MELANIE: (shaking her head and smiling con-fi-dent-ly) But dogs are so dumb! You go out for a second to get the mail and when you come back they act like they haven’t seen you in a week!

STEVE: (crumples his face skeptically) Come on! Cats never pay attention to you! Dogs are af-fec-tion-ate. When you come home from a long day at work, they’re so excited to see you!

MELANIE: Oh, yeah? Well at least cats groom themselves. A dog won’t ever clean itself.

STEVE: I’d rather own a pet that gets dirty once in a while than a pet that has to relieve itself in a box!

MELANIE: So I suppose you enjoy taking your dog (groans) outside a million times a day.

STEVE: Well how about the fact that cats have to be pampered? They’re so fussy!

MELANIE: Cats simply have finer, more sophisticated tastes—like their owners. (smiles and folds her arms triumphantly)

STEVE: Cat owners are icy and detached.

MELANIE: Dog owners are messy and simple-mind-ed!

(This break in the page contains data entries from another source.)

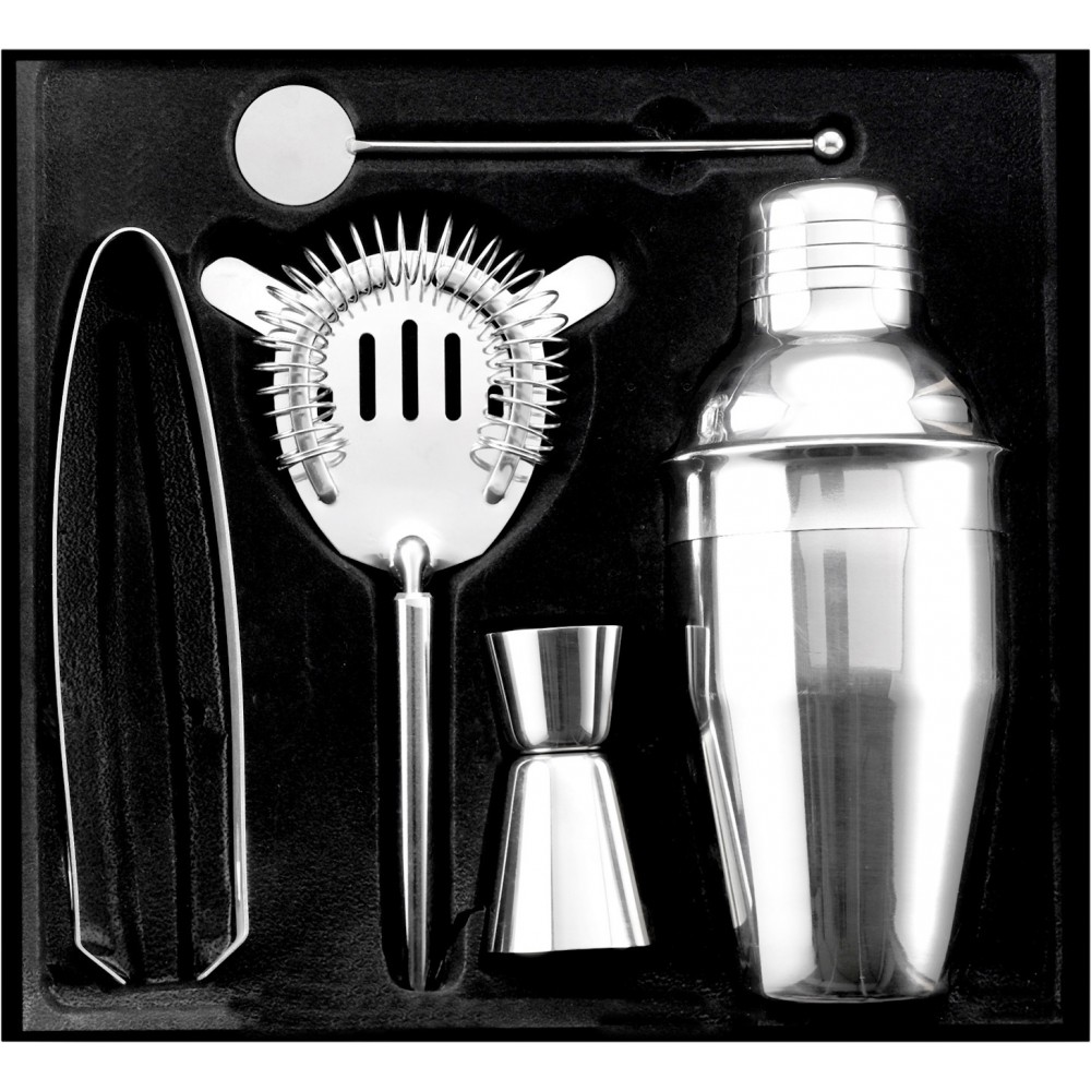 Koktélos készlet díszdobozban. 0,25 literes shaker, jégkockacsipesz, kanál, szűrő és mérőpohár. Emblémázás: Gravírozás
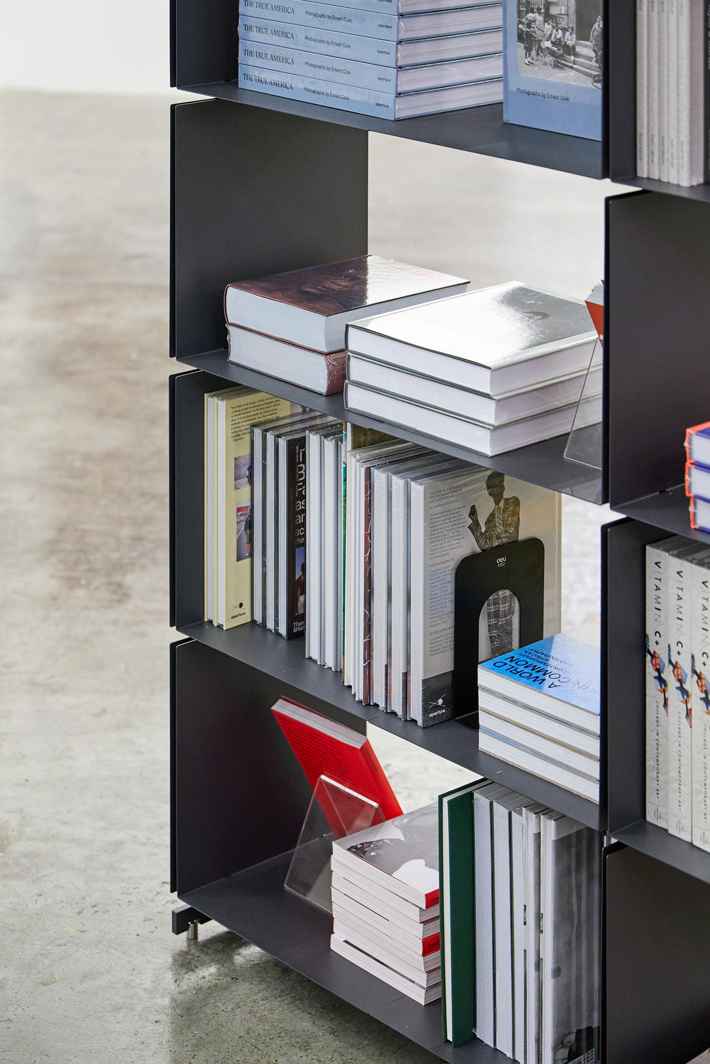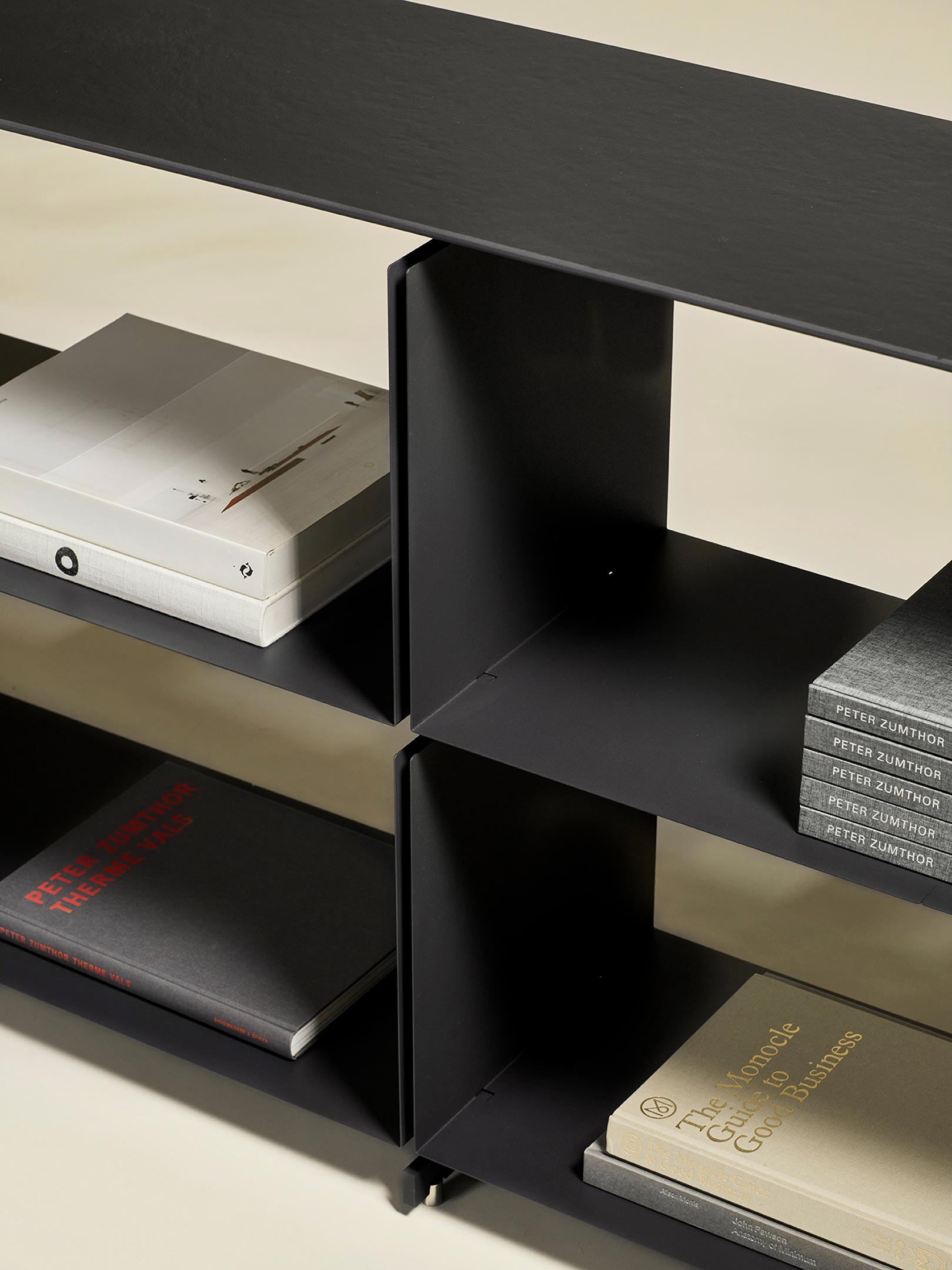 Laser-cutting and waterjet-cutting processes are applied to various parts of the shelving, depending on the length and complexity of the profile. Once assembled, the loosely fitted L-shaped shelves securely lock into place without any mechanical fixing, ensuring the stability of the free-standing bookshelf structure. The shelving is then finished with a ferrograin coating.
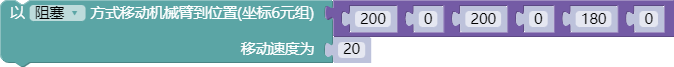 - 参数3:表示机械臂移动速度。参数范围为0~100。数值越大表示速度越快。
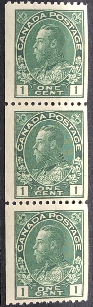 King George V, coil stamp, perf 8 horizontally. Strip of 3.

PETER approaches their couch, attracted by MELANIE’s outburst.

PETER: (holding out his hands as if surrendering) Whoa, you two! Calm down! Sparring over the superiority of the dog and the cat has been a staple of conversational small talk for as long as polite society has existed. The playful debate which springs from our love for our two favorite—but very different—companion animals always results in a delightful exchange. But the argument will never be settled. Actually, that’s part of its enduring appeal.

STEVE: (slowly looks from PETER to MELANIE) I’m sorry for snapping at you. Hey, maybe we should mingle. We can’t let this party (pauses and smiles devilishly) go to the dogs!

MELANIE: (taking his hand and nodding) You’re right. That would be a cat-tastrophe!

STEVE and MELANIE rise from the couch hand in hand and walk off to rejoin the party.